Cevap :
Yardım anlayışının özünde fedâkârlık vardır. Maldan sevgiye kadar her şeyin bir başkasına verilmesi söz konusudur. Bu verme işi bazan, zekât ve fitrede olduğu gibi mecbûri olsa da, çoğu zaman tamamen isteğe bağlıdır. Yine zekât belli bir miktarda alındığı halde sadakanın sınırı yoktur; dileyen dilediği kadar verir. Böylece Müslümanlar arasında en geniş mânâda yardımlaşma yapılır. Bu maddî yardımın dışında, Müslümanlar başkalarına söz ve davranışları ile de iyilik yapmak, onlara sevgi ile bağlanmak zorundadırlar. Bu da onların görevidir.
Hiçbir iyilikte bulunamayan bir Müslüman, eli ve dili ile başkalarına zarar vermemesi bile iyilik (sadaka) sayılmıştır.

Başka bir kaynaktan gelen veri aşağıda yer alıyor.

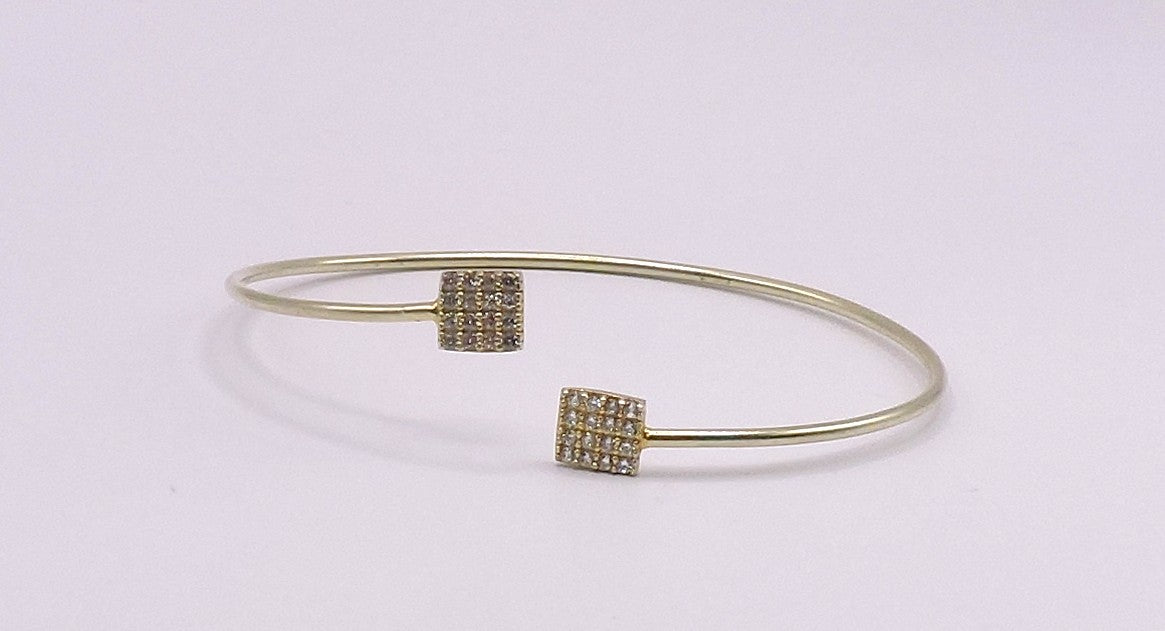 Gold-plated silver cuff bracelet embellished with square-shaped zircons for a bold and elegant statement. Ask ChatGPT

İslam dininin üzerinde önemle durduğu konulardan biri de yoksulu kollamak, öksüz ve yetimlere sahip çımaktır. Yüce Allah Kuranıkerim’de şöyle buyurur:
“Yetimi sakın ezme Senden bir şey isteyeni sakın azarlama…!” (Duha 9-10)
Peygamberimiz ve ailesinde yoksullar gözetilir, öksüz ve yetimlere ayrı bir önem verilirdi. Onlar, muhtaç olanlara yardım eder, onlardan bir şey isteyenleri boş çevirmemeye çalışırlardı. Bir defasında kızı Fatıma, ev işlerinden yorgun düştüğünü, el değirmeniyle buğday öğütmekten ellerinin şiştiğini belirterek kendisine bir hizmetçi tutmasını istediğinde Peygamberimiz, yoksul ve kimsesizlerin barındığı yeri kastederek:
“-Kızım, henüz Suffe’dekilerin geçimini yoluna koyamadım. bu durumda sana nasıl yardımcı olabilirim? demişti.

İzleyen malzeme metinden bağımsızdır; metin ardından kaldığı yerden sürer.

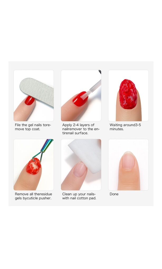 ZelleComplete Gel Polish Removal KitThis professional kit includes a 15ml (0.5 Fl.oz) gel polish remover, nail cotton pads, dual-grit nail file (100/180), double-sided buffer (600/3000), stainless steel cuticle pusher, and scraper. Everything you need for salon-quality results at home—no salon visits required! Quick & Hassle-Free Gel Polish RemovalSkip soaking, foil wraps, and machine scraping. Apply the gel polish remover, wait 2-5 minutes, and gently scrape off gel polish. The included tools ensure smooth removal without damaging nails,perfect for quick at-home sessions. Acetone-Free & Nail-Safe FormulaThis gel nail polish remover uses specialized solvents to dissolve polish efficiently without acetone. protecting natural nails from damage. Low odor ensures comfortable and effective removal. Pro-Level Results in 3 Steps1. File the topcoat. 2. Apply remover. 3. Scrape gently. The polishing buffer smooths edges, and the stainless tools ensure durability. Perfect for beginners and pros alike.

Şehit çocukları ve yakınları Peygamber ailesinde çok ilgi görürdü. Sahabeden Beşîr bin Akrebe, henüz çocukken babası Uhut savaşında şehit edilmişti. Peygamberimiz onları evlerinde ziyaret etti. Babası kaybetmiş olan Beşir ağlıyordu. Peygamberimiz onun başını okşayarak:
“Ağlama… Ben baban, Aişe de annen olsun istemez misin?” diyerek onu teselli etti. Çocuğun üzüntüsü sevince dönüştü. Peygamberimizin eşi Hz. Aişe’nin koruması altında birçok yetim vardı.